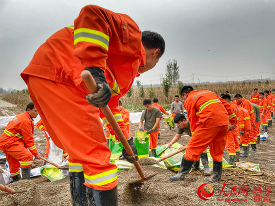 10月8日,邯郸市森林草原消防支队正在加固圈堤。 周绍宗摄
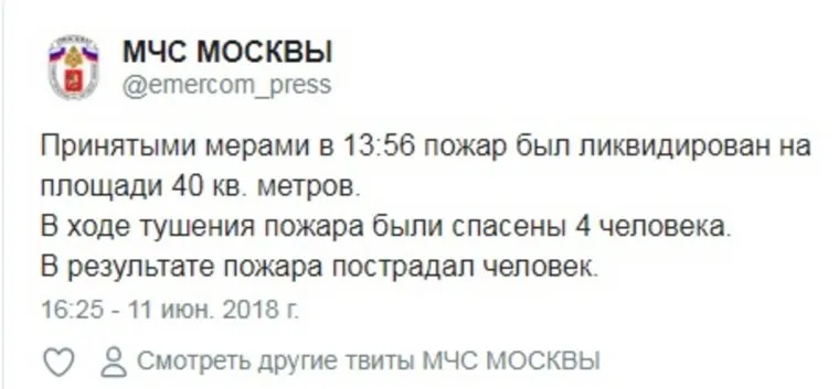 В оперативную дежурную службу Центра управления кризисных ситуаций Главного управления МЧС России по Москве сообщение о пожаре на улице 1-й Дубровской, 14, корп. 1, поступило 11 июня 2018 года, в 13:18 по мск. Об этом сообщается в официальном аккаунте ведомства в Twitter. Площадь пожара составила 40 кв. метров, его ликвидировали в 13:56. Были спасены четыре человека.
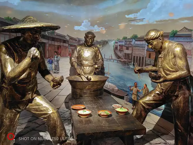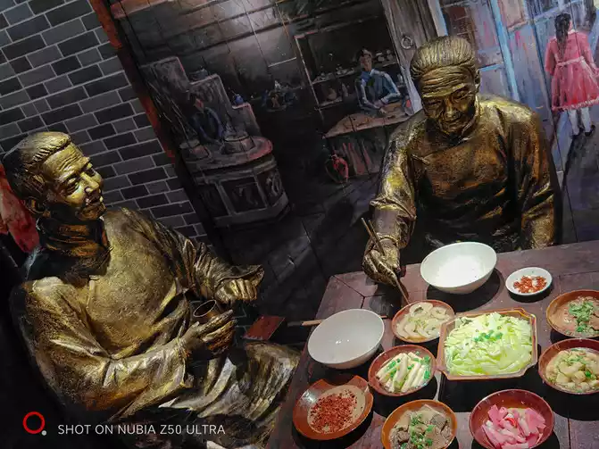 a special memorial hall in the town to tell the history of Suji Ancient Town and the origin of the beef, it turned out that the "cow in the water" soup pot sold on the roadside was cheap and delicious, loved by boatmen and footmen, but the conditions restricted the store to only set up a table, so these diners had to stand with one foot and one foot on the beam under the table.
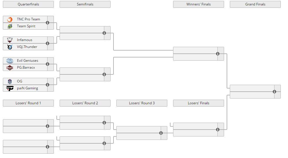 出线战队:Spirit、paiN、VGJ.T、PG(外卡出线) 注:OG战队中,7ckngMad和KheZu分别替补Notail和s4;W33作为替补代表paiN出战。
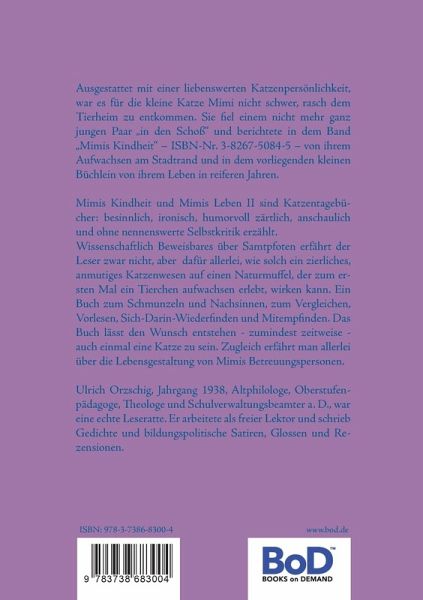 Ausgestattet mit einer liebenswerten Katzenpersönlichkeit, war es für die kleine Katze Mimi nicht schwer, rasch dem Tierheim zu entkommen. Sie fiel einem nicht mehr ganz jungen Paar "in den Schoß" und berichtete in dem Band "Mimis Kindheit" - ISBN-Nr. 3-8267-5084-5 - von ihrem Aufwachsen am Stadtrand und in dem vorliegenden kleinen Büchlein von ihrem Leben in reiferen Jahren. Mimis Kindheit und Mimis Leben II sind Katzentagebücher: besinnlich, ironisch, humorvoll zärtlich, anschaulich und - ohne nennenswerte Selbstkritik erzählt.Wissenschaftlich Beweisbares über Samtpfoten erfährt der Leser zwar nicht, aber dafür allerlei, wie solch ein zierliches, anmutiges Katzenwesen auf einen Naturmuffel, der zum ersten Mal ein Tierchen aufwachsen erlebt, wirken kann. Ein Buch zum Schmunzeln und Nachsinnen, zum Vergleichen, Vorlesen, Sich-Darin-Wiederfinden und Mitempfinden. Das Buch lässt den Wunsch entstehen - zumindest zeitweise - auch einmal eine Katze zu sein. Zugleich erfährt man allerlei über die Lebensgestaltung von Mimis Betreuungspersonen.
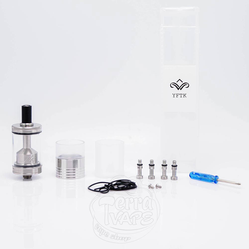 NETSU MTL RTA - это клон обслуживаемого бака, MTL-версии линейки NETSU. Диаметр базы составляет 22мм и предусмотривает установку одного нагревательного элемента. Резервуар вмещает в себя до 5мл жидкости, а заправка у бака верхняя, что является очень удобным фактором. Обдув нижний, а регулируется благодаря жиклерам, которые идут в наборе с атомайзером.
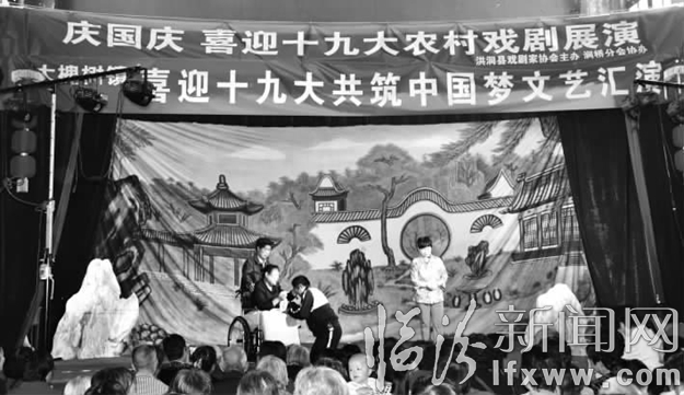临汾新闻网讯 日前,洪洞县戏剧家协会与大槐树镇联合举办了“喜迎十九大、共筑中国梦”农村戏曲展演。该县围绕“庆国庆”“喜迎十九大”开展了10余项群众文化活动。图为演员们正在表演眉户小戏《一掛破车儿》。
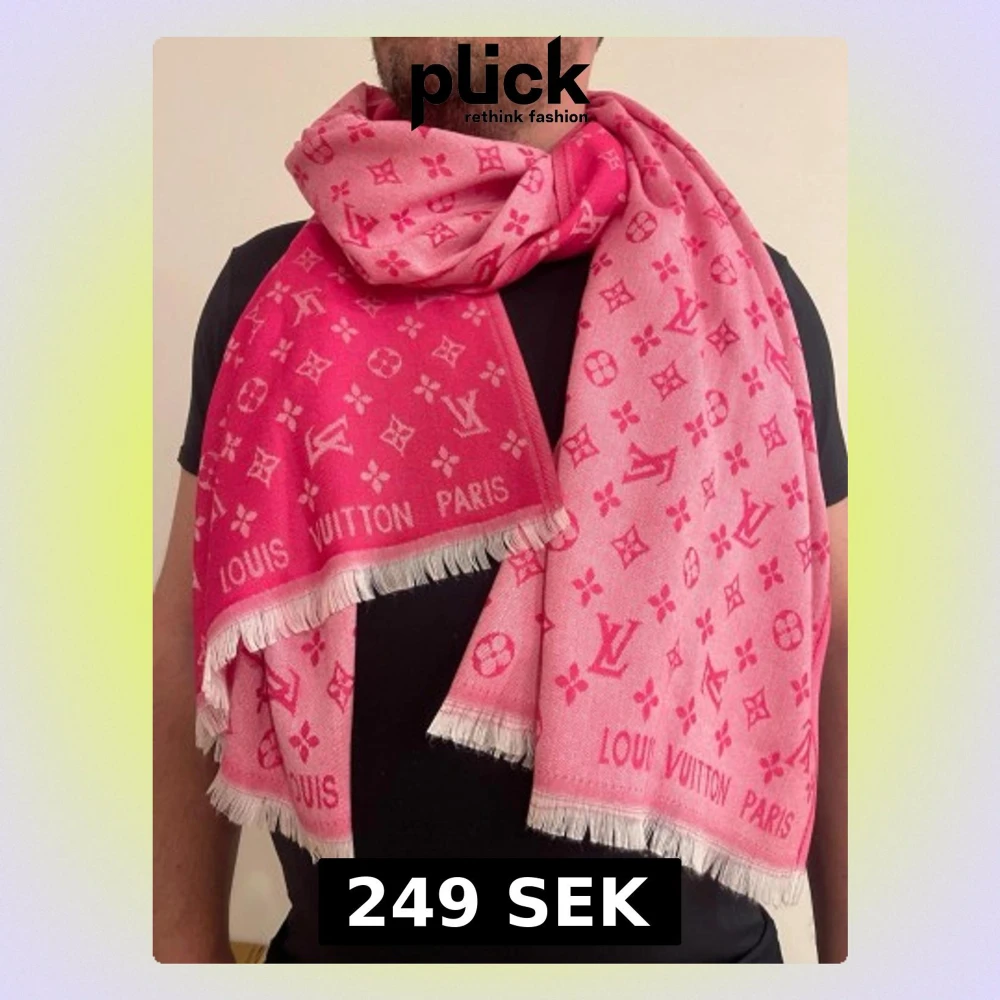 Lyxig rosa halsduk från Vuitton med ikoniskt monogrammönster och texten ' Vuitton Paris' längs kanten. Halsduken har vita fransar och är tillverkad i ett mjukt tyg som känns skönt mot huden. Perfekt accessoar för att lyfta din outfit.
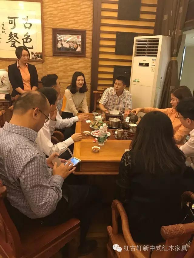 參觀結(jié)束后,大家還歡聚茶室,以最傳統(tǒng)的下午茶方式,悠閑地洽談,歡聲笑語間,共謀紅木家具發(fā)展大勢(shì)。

────

▶ _PROBLEM STATEMENT_
Copy word for word only the lines above from the one with "В оперативную дежурную" through the one with "出线战队:Spirit、pa". Leave pictures out.

▶ _EXERCISE SOLUTION_
 В оперативную дежурную службу Центра управления кризисных ситуаций Главного управления МЧС России по Москве сообщение о пожаре на улице 1-й Дубровской, 14, корп. 1, поступило 11 июня 2018 года, в 13:18 по мск. Об этом сообщается в официальном аккаунте ведомства в Twitter. Площадь пожара составила 40 кв. метров, его ликвидировали в 13:56. Были спасены четыре человека.
 a special memorial hall in the town to tell the history of Suji Ancient Town and the origin of the beef, it turned out that the "cow in the water" soup pot sold on the roadside was cheap and delicious, loved by boatmen and footmen, but the conditions restricted the store to only set up a table, so these diners had to stand with one foot and one foot on the beam under the table.
 出线战队:Spirit、paiN、VGJ.T、PG(外卡出线) 注:OG战队中,7ckngMad和KheZu分别替补Notail和s4;W33作为替补代表paiN出战。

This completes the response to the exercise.